WHAT THE TASK ASKS — Leave out the pictures and output exactly the lines below from the one with "Two polished chains" down to the one with "会上,14个学院代表方阵进行了分列式展示,体育学院新生表演了军体拳。", both of them included.
*** Opening of RAW DATA ***
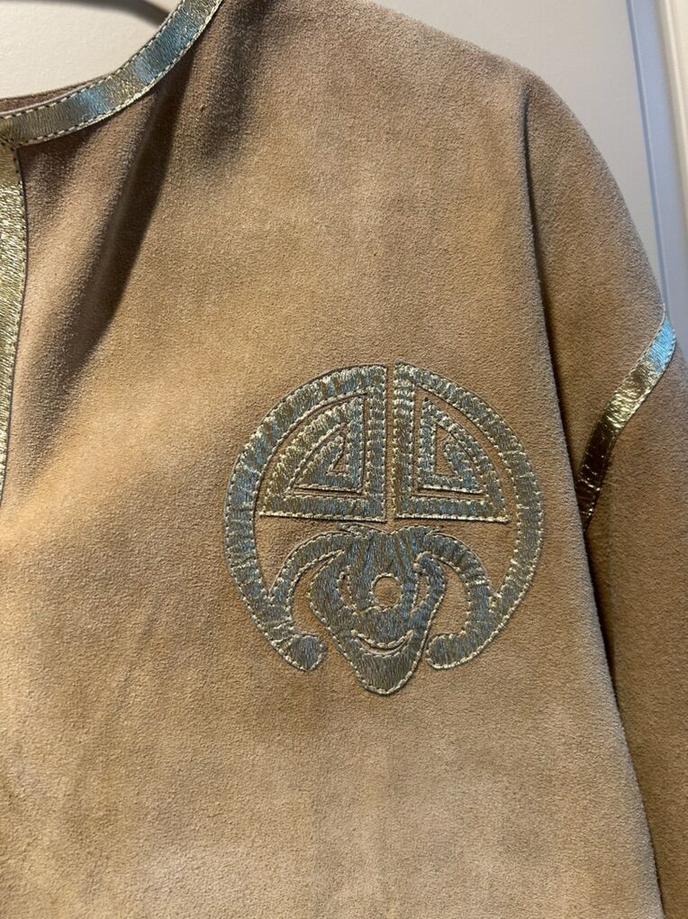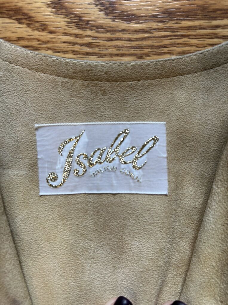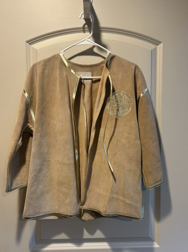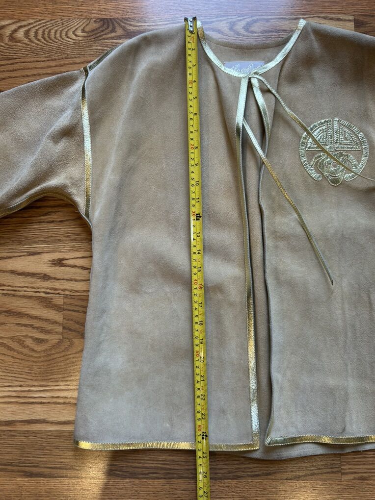 VenmoVintage suede leather jacket by Isabel with gold trim and Chinese symbol on chest. Tie closures. Clean smoke free. One size fills most. Measurements in pictures.
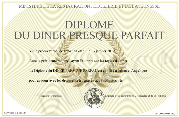 Envoyez par email votre Diplome du DINER PRESQUE PARFAIT personalisé
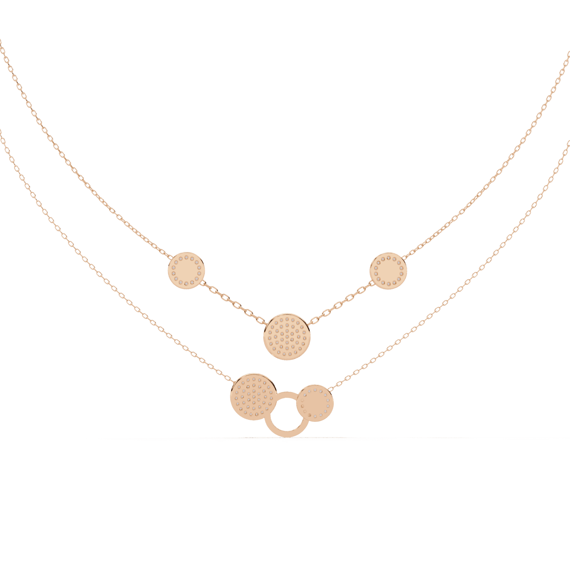 Two polished chains dotted with pavé diamond circles and a central open ring. Designed for effortless layering.
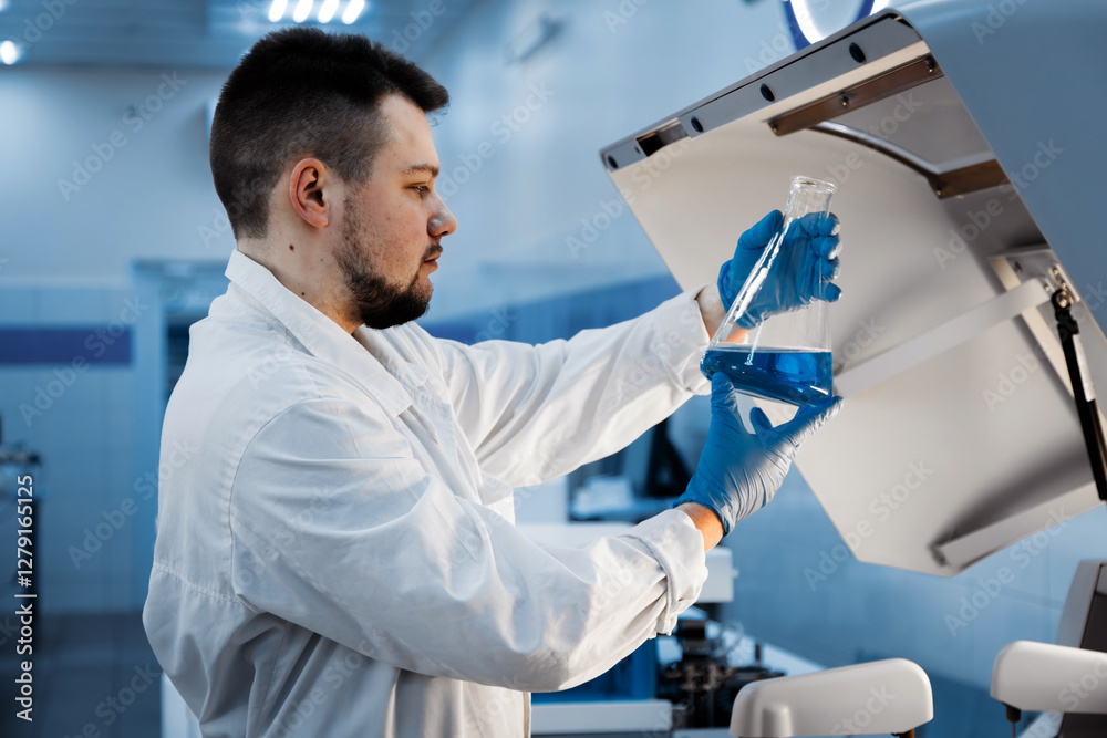 A scientist uses lab equipment for an experiment, working with test tubes and samples. Concept scientific research and experiments using cutting-edge technology in the laboratory.
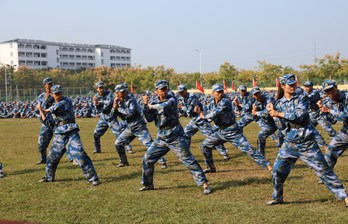 会上,14个学院代表方阵进行了分列式展示,体育学院新生表演了军体拳。
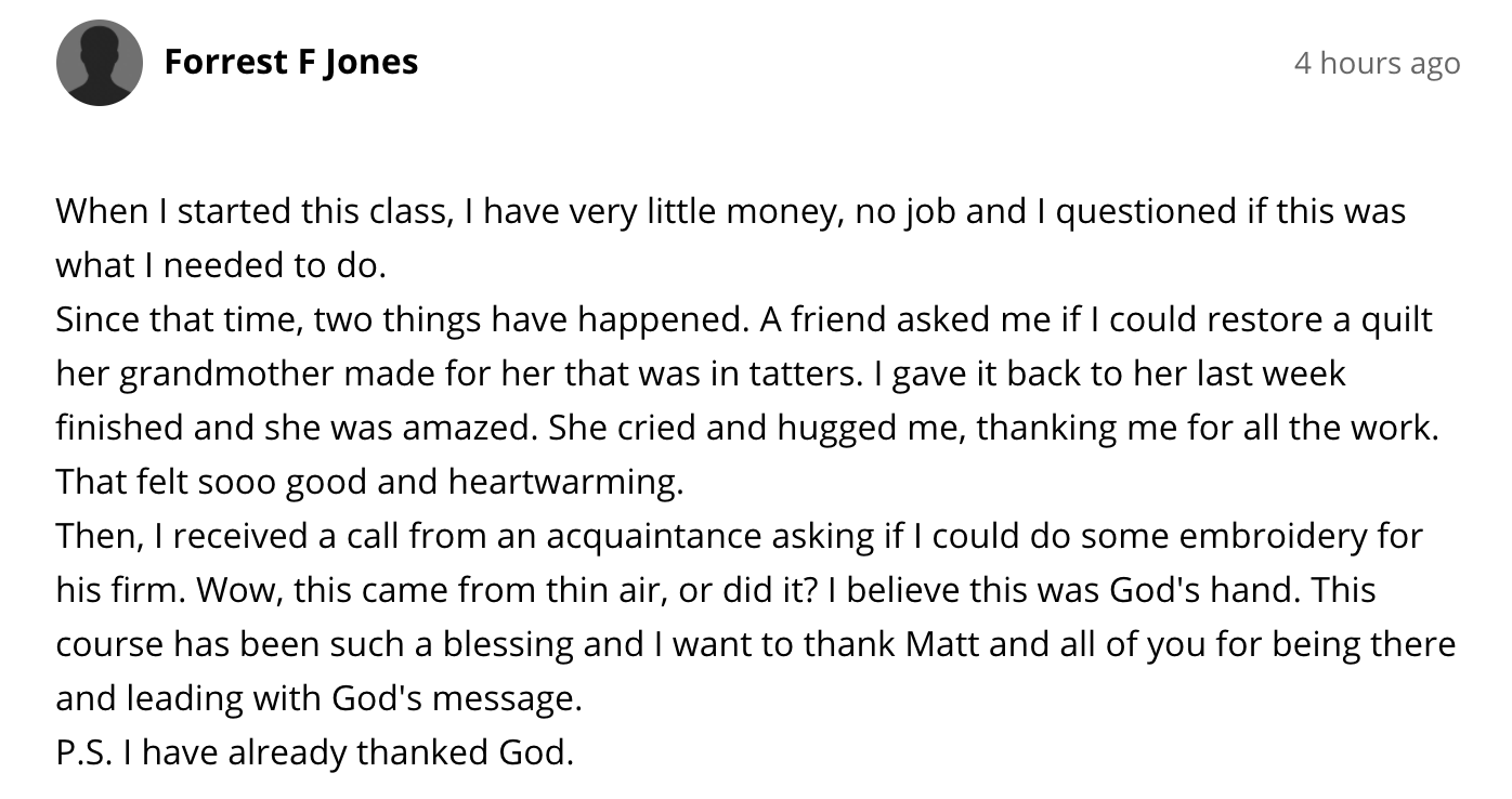 At the end of the Masterclass, Matt will offer an invitation to be a part of the Created to Thrive Experience Course Program. This program is only open to the public once a year and this is one of those opportunities. This is completely optional for those who are ready to take the next step on their journey.
*** Close of RAW DATA ***
YOUR RESPONSE —
 Two polished chains dotted with pavé diamond circles and a central open ring. Designed for effortless layering.
 A scientist uses lab equipment for an experiment, working with test tubes and samples. Concept scientific research and experiments using cutting-edge technology in the laboratory.
 会上,14个学院代表方阵进行了分列式展示,体育学院新生表演了军体拳。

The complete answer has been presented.